Introduction

A high level of musculoskeletal pain may evoke the perception of fear of future pain. People may avoid movements or physical activities due to exaggerated fears that pain will result in additional functional restriction [1]. Avoidance of physical activities based on fear of movement (Kinesiophobia) leads to further avoidance [2]. Furthermore, avoidance of pain-inducing activities can result in a reduction of muscle strength and flexibility, which may partly contribute to a delay in recovery. This repeating cycle of fear of movement and avoidance behaviors may perpetuate the chronicity of the condition, resulting in disability. The contributing role of fear avoidance beliefs in the development of long-term disability has been widely recognized [3], and a low level of fear avoidance was reported to be the most useful item for predicting an earlier recovery in patients with acute low back pain [4]. Catastrophizing and somatic symptoms are additional major factors associated with chronicity in patients with whiplash injury [5].
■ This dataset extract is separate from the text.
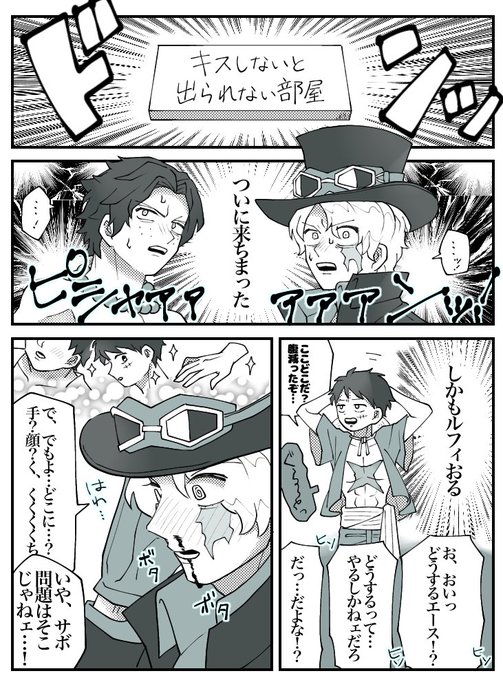 136 1156 キスしないと出られない部屋に閉じ込められたASLL🔥🎩👒🐯 ⚠️腐向け、エール、サボル、ロール 21/06/14 18:35

The Tampa Scale of Kinesiophobia (TSK), a 17-item self-reported measure originally developed to discriminate between non-excessive fear and phobia among patients with chronic musculoskeletal pain (Miller RP, Kori SH, Todd DD. The Tampa Scale. Unpublished report 1991), is widely used to assess pain-related fear of movement or re-injury in patients with musculoskeletal complaints. The TSK employs a 4-point Likert scale, with scoring options ranging from 1 (strongly disagree) to 4 (strongly agree). A total score is calculated following inversion of the individual scores of items 4, 8, 12, and 16. The total score of the original 17-item version ranges between 17 and 68, with a higher score indicating a higher degree of Kinesiophobia. The TSK was developed in English, and has thus far been translated into various languages. The psychometric properties of both the original English version and other language versions have been assessed in several patient populations, including patients with chronic musculoskeletal pain [6], low back pain (LBP) [7, 8], whiplash injury pain [9], shoulder pain [10], temporomandibular disorder [11], sciatica [12], and fibromyalgia [13]. Based on the results of exploratory or confirmatory factor analysis in these studies, several factor-structured models with a different number of items (e.g., 17, 13, 12, or 11) have been proposed. Among these versions, an 11-item version that excluded the six psychometrically poor items (4, 8, 9, 12, 14, and 16) is the most widely-used short version. This 11-item version was reported to possess psychometric properties that are similar to the original TSK, and offers the advantage of brevity [14].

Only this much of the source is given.